While you might just be catching your breath after getting caught up with all of your 1080p, or even 2.5K devices, 4K cameras at the budget range are going to come fast and hard from the major manufacturers. JVC was the first out of the gate with a less than stellar solution, but there was no question other companies were working on the technology. Now we've got confirmation straight from Sony about what's right around the corner for lower-end 4K cameras.
Thanks to Cinescopophilia for the link -- here's a little bit about the new sensor:
The English version of the new Sony IMX144CQJ Exmor R sensor press release has surfaced. The IMX144CQJ sensor is a diagonal 9.33 mm (Type 1/1.7) sensor, which places it somewhere between a 1/2″ (8mm) and 2/3″ (11mm) sensor in size. The Sony IMX144CQJ has 12.40M-Effective Pixel High-Speed, and is a High-Sensitivity Back-Illuminated CMOS Image Sensor for Consumer Digital Still Cameras and Camcorders.
Basically the sensor will sit somewhere between the EX1/EX3/PMW-200 and the higher-end broadcast cameras.
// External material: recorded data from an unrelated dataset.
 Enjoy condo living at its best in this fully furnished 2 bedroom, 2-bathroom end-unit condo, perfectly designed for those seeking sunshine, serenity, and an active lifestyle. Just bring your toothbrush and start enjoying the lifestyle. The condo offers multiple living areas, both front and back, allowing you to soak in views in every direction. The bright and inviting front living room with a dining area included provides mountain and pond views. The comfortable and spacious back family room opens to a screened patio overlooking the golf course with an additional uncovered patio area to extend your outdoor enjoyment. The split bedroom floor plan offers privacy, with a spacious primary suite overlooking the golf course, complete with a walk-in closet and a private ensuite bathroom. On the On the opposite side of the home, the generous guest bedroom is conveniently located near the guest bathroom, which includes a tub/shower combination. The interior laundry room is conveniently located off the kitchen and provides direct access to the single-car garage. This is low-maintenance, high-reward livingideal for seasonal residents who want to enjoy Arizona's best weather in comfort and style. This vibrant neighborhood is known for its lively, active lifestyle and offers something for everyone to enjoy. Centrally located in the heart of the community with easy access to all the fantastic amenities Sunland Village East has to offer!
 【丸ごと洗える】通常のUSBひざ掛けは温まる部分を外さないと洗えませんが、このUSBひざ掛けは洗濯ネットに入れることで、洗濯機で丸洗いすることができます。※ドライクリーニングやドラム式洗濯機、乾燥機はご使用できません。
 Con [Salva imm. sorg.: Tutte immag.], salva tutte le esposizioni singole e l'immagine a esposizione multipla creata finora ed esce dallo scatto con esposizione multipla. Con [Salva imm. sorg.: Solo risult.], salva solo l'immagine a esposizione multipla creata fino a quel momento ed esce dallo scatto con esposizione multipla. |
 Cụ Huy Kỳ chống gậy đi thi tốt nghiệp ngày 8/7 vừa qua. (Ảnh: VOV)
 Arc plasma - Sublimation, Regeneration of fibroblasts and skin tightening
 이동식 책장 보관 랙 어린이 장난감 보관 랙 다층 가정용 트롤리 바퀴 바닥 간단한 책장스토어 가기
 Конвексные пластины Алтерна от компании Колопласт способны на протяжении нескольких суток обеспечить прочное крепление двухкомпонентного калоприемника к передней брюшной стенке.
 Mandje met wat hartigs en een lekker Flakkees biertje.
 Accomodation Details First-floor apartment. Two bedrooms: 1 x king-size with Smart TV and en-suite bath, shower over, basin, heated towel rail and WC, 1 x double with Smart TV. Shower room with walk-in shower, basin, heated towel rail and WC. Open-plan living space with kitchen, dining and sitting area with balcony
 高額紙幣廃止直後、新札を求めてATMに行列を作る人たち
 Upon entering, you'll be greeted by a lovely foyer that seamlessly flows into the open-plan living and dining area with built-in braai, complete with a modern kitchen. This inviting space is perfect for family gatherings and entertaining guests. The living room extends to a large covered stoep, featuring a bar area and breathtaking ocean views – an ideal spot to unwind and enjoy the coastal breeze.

Of course, a sensor that small doesn't necessarily lend itself to being fantastic in lower light (or giving excellent shallow depth-of-field), but we all know that shallow depth-of-field is a bit overrated, and often it's really the dynamic range and color fidelity that make an image what it is. What is interesting about this sensor is that it is actually a native 1.33 aspect ratio, which means it will probably be able to take 4:3 still images -- or maybe Sony will sell this sensor for industrial purposes as well. Either way, it's likely this sensor has been in development for some time, and the release of the document from Sony means that lower-end 4K cameras will likely be released in the next few years. Here is a little more information about the frame rates (click for a larger version):
There will be more 4K sensors to come, but what's more striking for me is how far ahead of the game Sony's sensor development is than the other Japanese manufacturers. Of course companies like RED and Arri can get high frame rates -- but they have a very specialized business and they can work with a sensor manufacturer to design exactly the right sensor they need. Sony, however, is usually working on a far larger scale. If Sony can get 60fps at 4K, why can't we get 60fps at 1080p from many of these manufacturers? Yes the data rate is far higher for real 60p (or at least it should be), but there is such a demand for these frame rates that it seems like a no-brainer for a company like Canon to incorporate (though maybe strong sales have let them spend a little less time and money on R&D).
I know a lot of people would rather have 1080p at 120fps than 4K at 60fps, but I think there's another factor people aren't considering in the ensuing 4K battle. While RED has produced the first affordable (relatively speaking) 4K, 5K, and soon to be 6K cameras, it is still taking a bit of time for displays to catch up. Those are coming, however, and depending on your line of work, whether they need it or not (or can even benefit from it), once clients start really seeing material in 4K, they're going to want it. This transition won't happen for another few years, but if you have a competitive business, it's not too early to start thinking about a 4K game-plan and how that might fit into your business model.
What do you guys think? Will those who bought into RED's "future-proofing" have the advantage, or will display technology take long enough that people will have time to catch up?